Меня вызвали только вечером. За день я продиктовала еще одно письмо своему брату, а также разузнала у одного из дворцовых чиновников, где в Египте продаются поместья и фермы. Мне указали на южный район, недалеко от Фив, но мне очень не хотелось жить вблизи Амона и его жрецов. Продавались также поместья в Среднем Египте, но, опять же, мне не хотелось жить в непосредственной близи от Асвата.

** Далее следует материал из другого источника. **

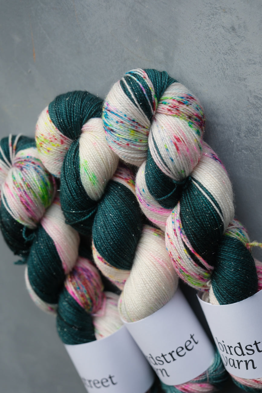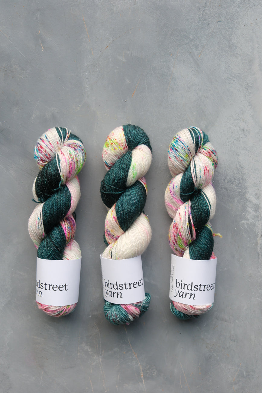 "Christmas 1974" is a beautiful, Christmas colourway, with a variegated base of deep green, speckled with festive pops of reds, greens, pink, purple and turquoise, reminiscent of colourful Christmas lights from the 1970's.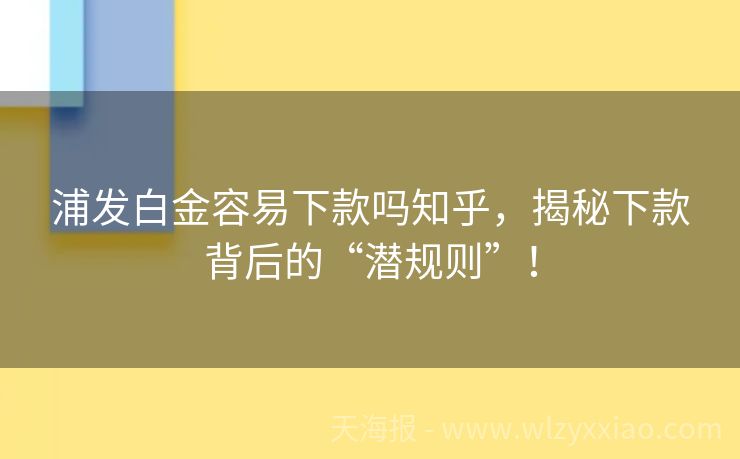 浦发白金容易下款吗知乎,揭秘下款背后的“潜规则”! 浦发白金容易下款吗?知乎热议背后的真相大揭秘! 最近在知乎上,关于“浦发白金容易下款吗”的讨论热度居高不下,有人晒出秒批截图,也有人吐槽申请多次被拒。作为金融圈摸爬滚打多年的“老江湖”,今天咱们就用轻松幽默的方式,聊聊这张让无数人又爱又恨的浦发白金卡,到底藏着哪些“下款密码”! 浦发白金卡下款难?先...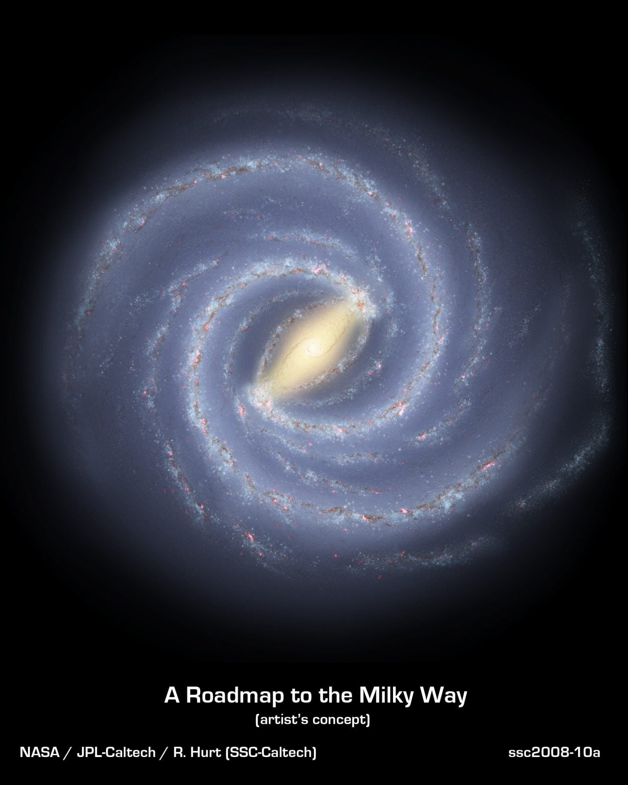 W końcu należy także wspomnieć o strukturze spiralnej. Choć większość wizualizacji przedstawiających budowę Drogi Mlecznej wygląda bardzo podobnie, wśród naukowców wciąż panuje duży sceptycyzm co do tego, jak naprawdę wygląda struktura naszej galaktyki. Dotychczasowe badania oraz modele opisujące budowę naszej galaktyki wskazują, że dysk składa się z czterech ramion wychodzących ze zgrubienia centralnego i zawijających się zgodnie z kierunkiem rotacji. Skąd się biorą ramiona? Badacze zakładają, że jest to po prostu fala gęstości w dysku gwiazdowym powstała np. w momencie bliskiego przelotu innej galaktyki, czy też efekt zaburzenia powstałego w dysku wskutek powstania „zatoru/korka” utworzonego przez gwiazdy.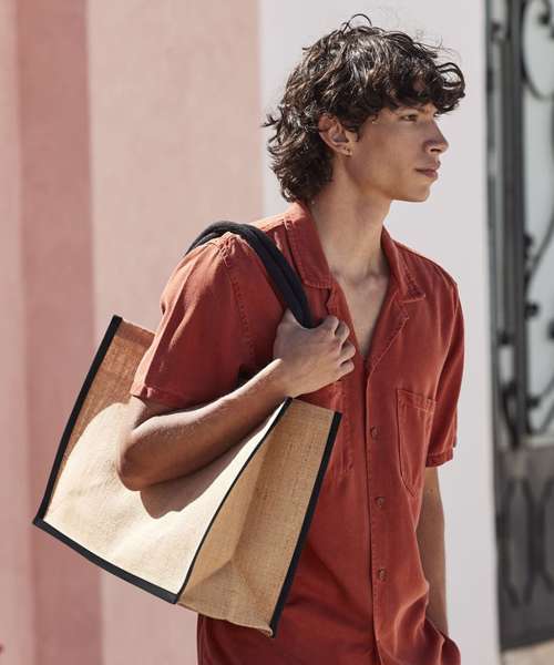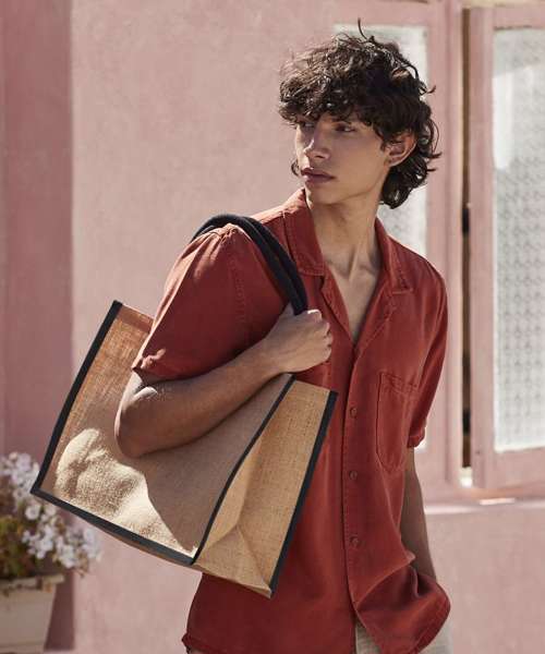 Every piece in the unlaminated Natural Starched Jute collection has angular edges and a sturdy construction for more boxy styling and structured storage. The fabric is tactile to the touch and organic in aesthetic, yet still robust and reliable. This classic shopper will look the part, whether browsing high street stores or picking up groceries at a farm shop. Contrast colour handles add an extra touch of rustic charm.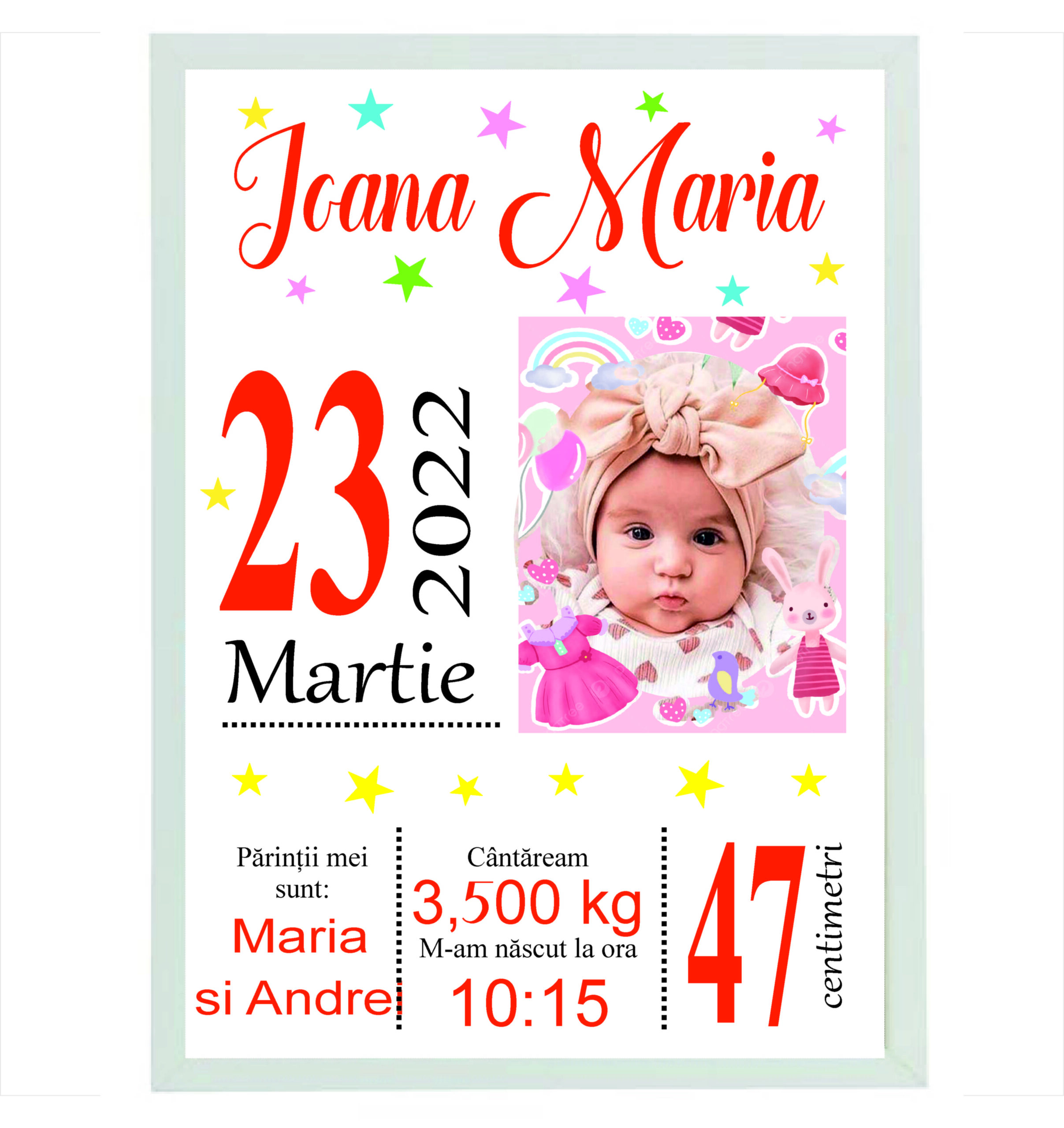 Rama foto personalizata BOTEZ/MOȚ -Nasterea mea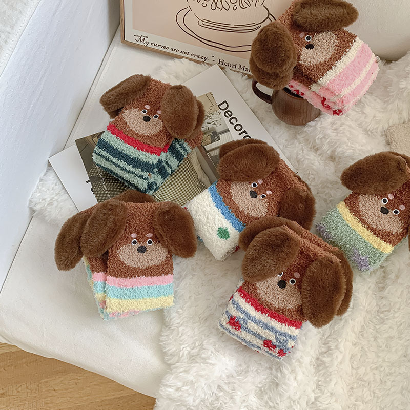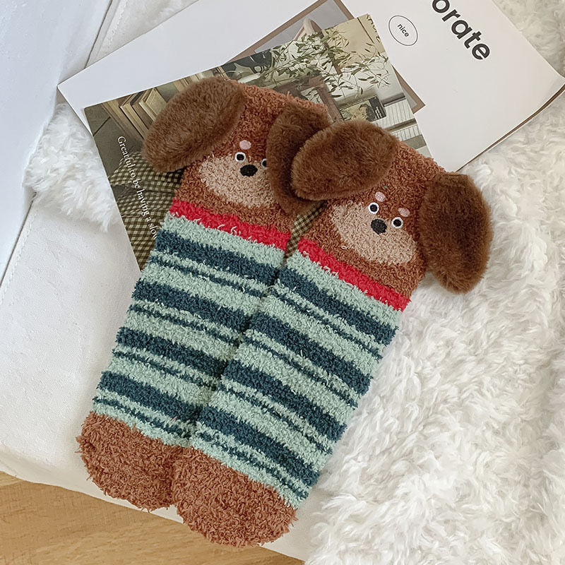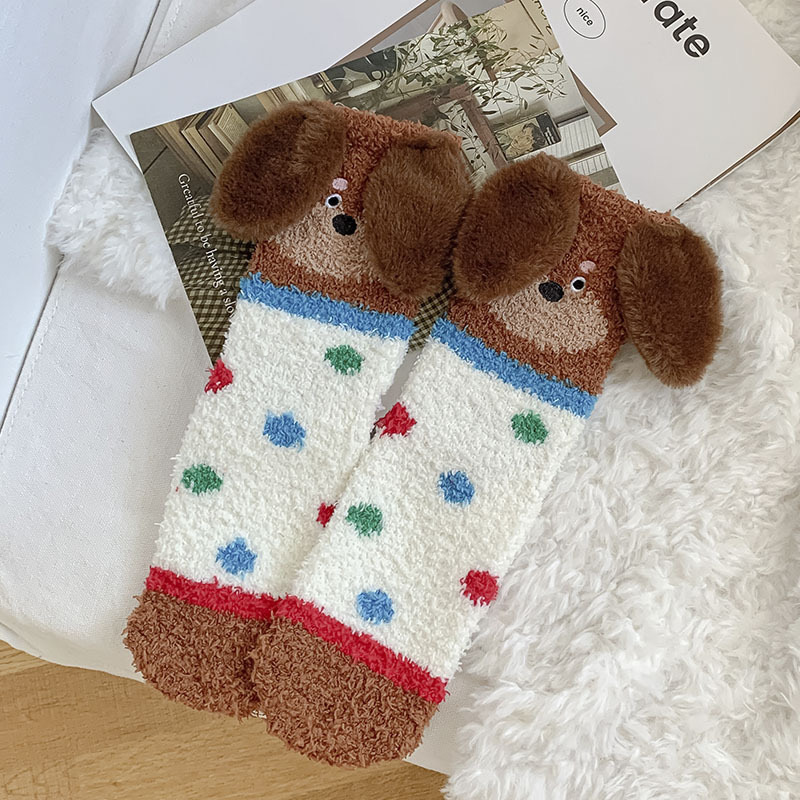 (厚襪) 可愛臘腸狗 毛茸茸加厚睡眠襪 居家地板襪 n110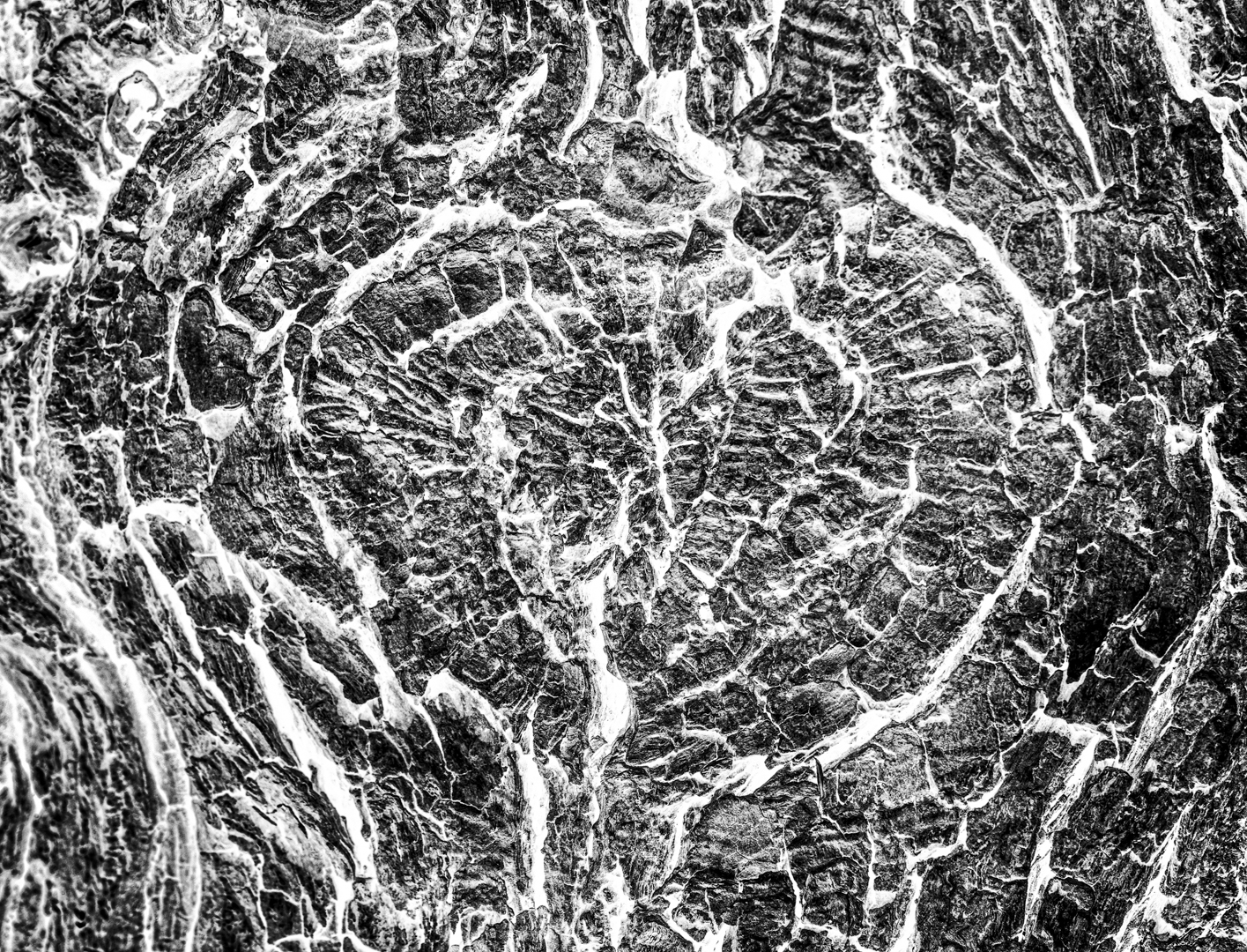 De workshop "50 tinten groen" was zeer gevarieerd, en maakte goed gebruik van de verschillende mogelijkheden van de locatie. Landschap, intieme landschappen, details, creatieve technieken, tips voor de nabewerking, het was voor sommige deelnemers voor wie alles nieuw was, misschien wel te veel. Maar gelukkig kan je altijd zelf je keuzes daarin maken. Bij deze foto heb ik een stukje boomschors gefotografeerd, omgezet in zwart-wit en inversie toegepast.

Были земли, объявленные хато, кроме того, обширные угодья Паиса перешли в собственность двойной короны, но я предпочла бы снова вернуться в жалкую лачугу, чем просить у фараона земли осужденного генерала. Пусть другие стервятники обгладывают его кости. Тут я вспомнила о своем прелестном маленьком поместье в Фаюме. Сейчас оно принадлежит другому человеку. Его плодородные земли кормят других людей, а дом, который я так мечтала восстановить, хранит в себе чужие мечты. Я попросила принести мне полный список поместий, представленных на продажу. Мне стало очень грустно. Наверное, стоит спросить Камена, где бы ему хотелось жить.
После обеда я поспала, потом снова поела, потом Изис привела служанку-косметолога и принесла мне платья и сандалии. Когда она застегивала на мне золотой плетеный пояс, который я подобрала к голубому платью, в дверях показался царский глашатай и поклонился. Я была готова: на голове — тонкие золотые цепочки, глаза обведены черным, веки выкрашены в голубой цвет, ладони и ступни покрыты хной.
Я последовала за глашатаем. Мы прошли через двор, затем через главные ворота гарема и вышли к помещениям слуг. Прошли мимо стражников, охранявших вход во дворец, свернули направо и поднялись по лестнице, ведущей мимо тронного зала в покои царевича. Там мы прошли по узкому коридору, который вел в апартаменты братьев Рамзеса, свернули направо и подошли к небольшой двери. Глашатай постучал, и нам открыл слуга. Глашатай объявил мое имя и титул, поклонился и вышел.
Царевич ответил на мое приветствие. Он сидел за столом, заваленным свитками папируса, и разговаривал с двумя людьми, которые при моем появлении почтительно со мной поздоровались и тут же ушли. Мы остались одни.
Я со страхом оглядела комнату. Она не изменилась. Просторная, обставленная немногочисленной, но очень дорогой мебелью, эта комната по-прежнему носила отпечаток чего-то временного, словно была ненастоящей, тогда как реальная жизнь царевича протекала где-то за ее стенами. Думаю, что так оно и было, поскольку государственные дела уже вынуждали Рамзеса почувствовать тяжесть двойной короны.
Знаком велев подойти, царевич окинул меня по-мужски оценивающим взглядом. Сам он уже явно отдохнул, его взгляд стал ясным. Обойдя стол, он оперся о его край и скрестил руки на широкой груди.
— Ну что, моя госпожа Ту, — властным тоном спросил он, — довольна ты наконец?
— Странный вопрос, мой повелитель, — ответила я. — Возможно. Хотя последствия моего стремления добиться правды оказались гораздо страшнее, чем я предполагала.
Царевич поднял черную бровь.
— Эти люди совершили святотатство, изменив богу и посягнув на его жизнь, — спокойно ответил он. — Ты тоже, но их грех тяжелее. Я удивлен, что ты их жалеешь. Они-то использовали тебя с холодным расчетом, и это особенно мерзко.